Within the listing below, give again exactly the lines between the one containing "В цветовой палитре" and the one containing "点击【直线东西】,在图示区域", inclusive, pictures left aside.

| Entries supplied |

-=-=-

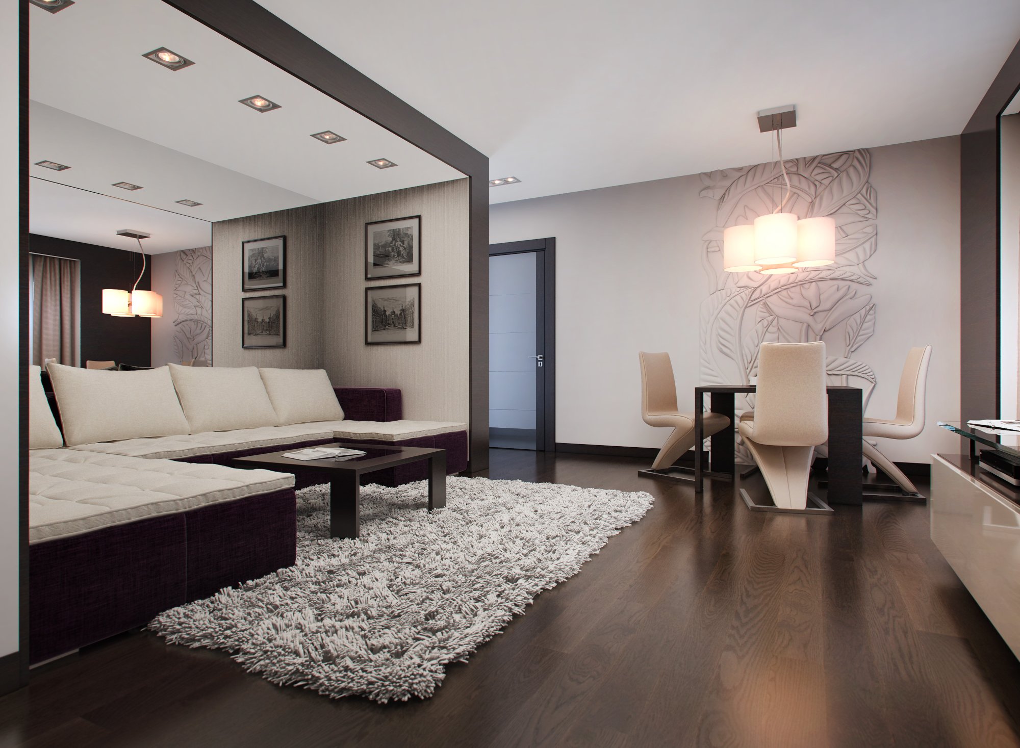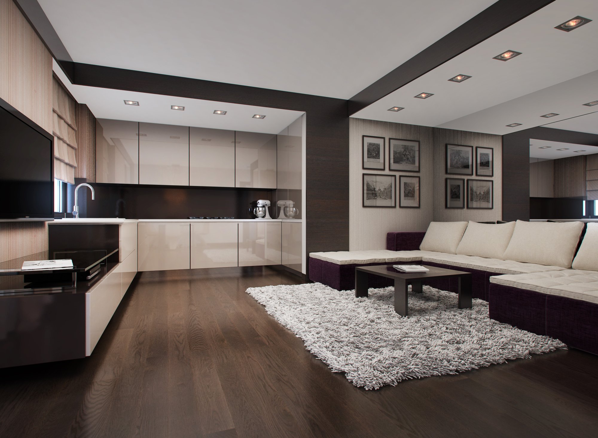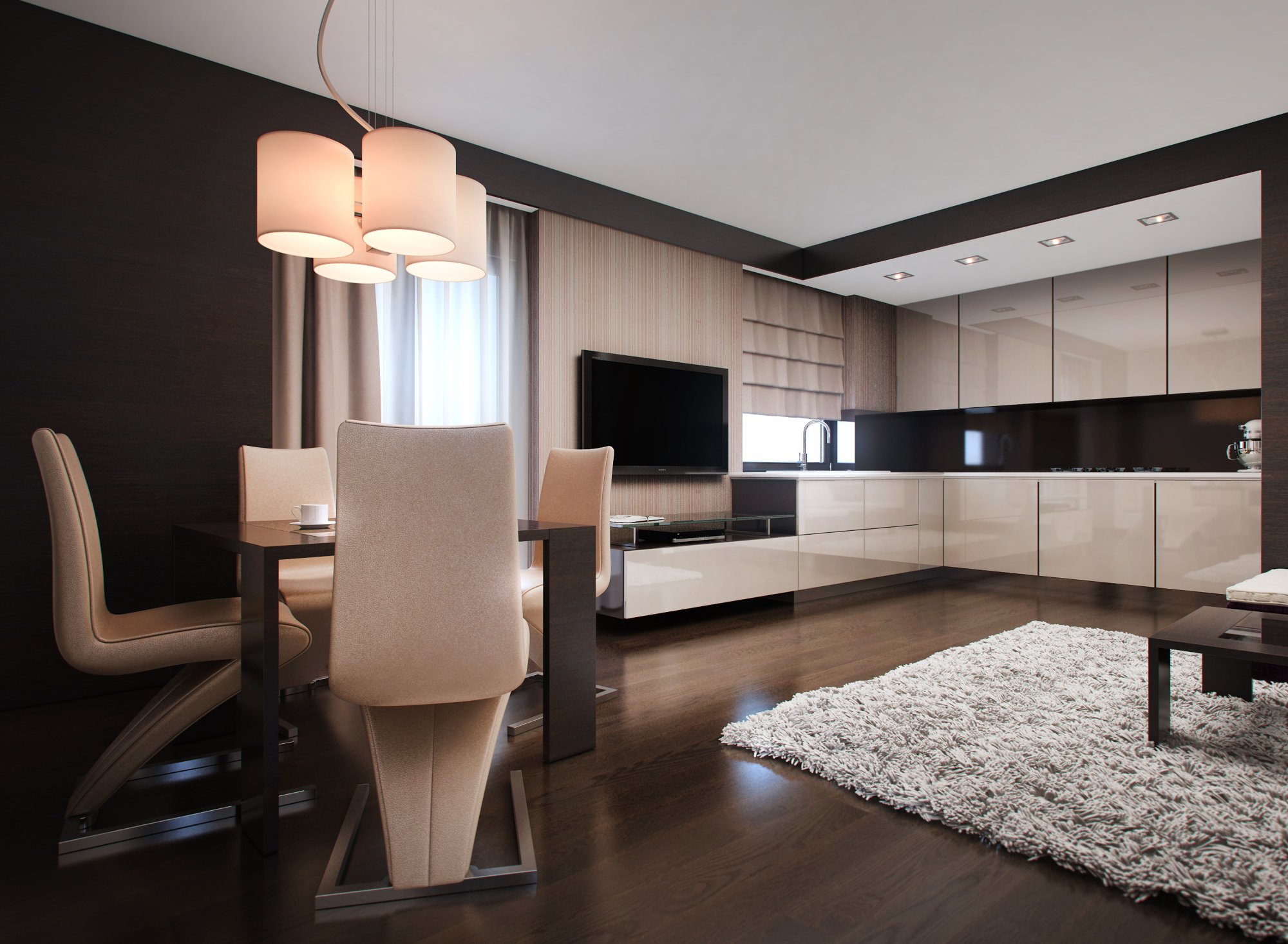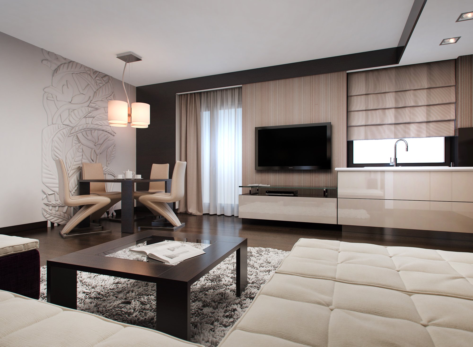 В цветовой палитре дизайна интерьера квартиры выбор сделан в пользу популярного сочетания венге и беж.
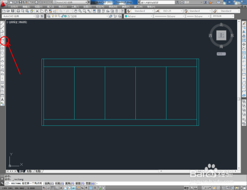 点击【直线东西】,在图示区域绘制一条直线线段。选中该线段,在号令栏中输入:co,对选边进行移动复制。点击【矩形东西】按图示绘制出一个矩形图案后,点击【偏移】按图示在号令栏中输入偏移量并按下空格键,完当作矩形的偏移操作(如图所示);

-=-=-

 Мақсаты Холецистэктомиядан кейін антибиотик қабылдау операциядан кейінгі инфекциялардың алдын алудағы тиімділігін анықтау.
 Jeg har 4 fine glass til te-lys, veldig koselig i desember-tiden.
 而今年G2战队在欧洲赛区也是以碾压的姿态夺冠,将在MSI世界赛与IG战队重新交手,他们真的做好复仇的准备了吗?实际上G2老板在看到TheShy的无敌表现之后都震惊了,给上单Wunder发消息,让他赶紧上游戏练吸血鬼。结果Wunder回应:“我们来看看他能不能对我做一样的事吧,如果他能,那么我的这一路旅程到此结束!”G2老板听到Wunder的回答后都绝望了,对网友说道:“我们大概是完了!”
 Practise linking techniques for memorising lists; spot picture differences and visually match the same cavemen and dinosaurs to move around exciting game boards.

-=-=-

| Response area |
 В цветовой палитре дизайна интерьера квартиры выбор сделан в пользу популярного сочетания венге и беж.
 点击【直线东西】,在图示区域绘制一条直线线段。选中该线段,在号令栏中输入:co,对选边进行移动复制。点击【矩形东西】按图示绘制出一个矩形图案后,点击【偏移】按图示在号令栏中输入偏移量并按下空格键,完当作矩形的偏移操作(如图所示);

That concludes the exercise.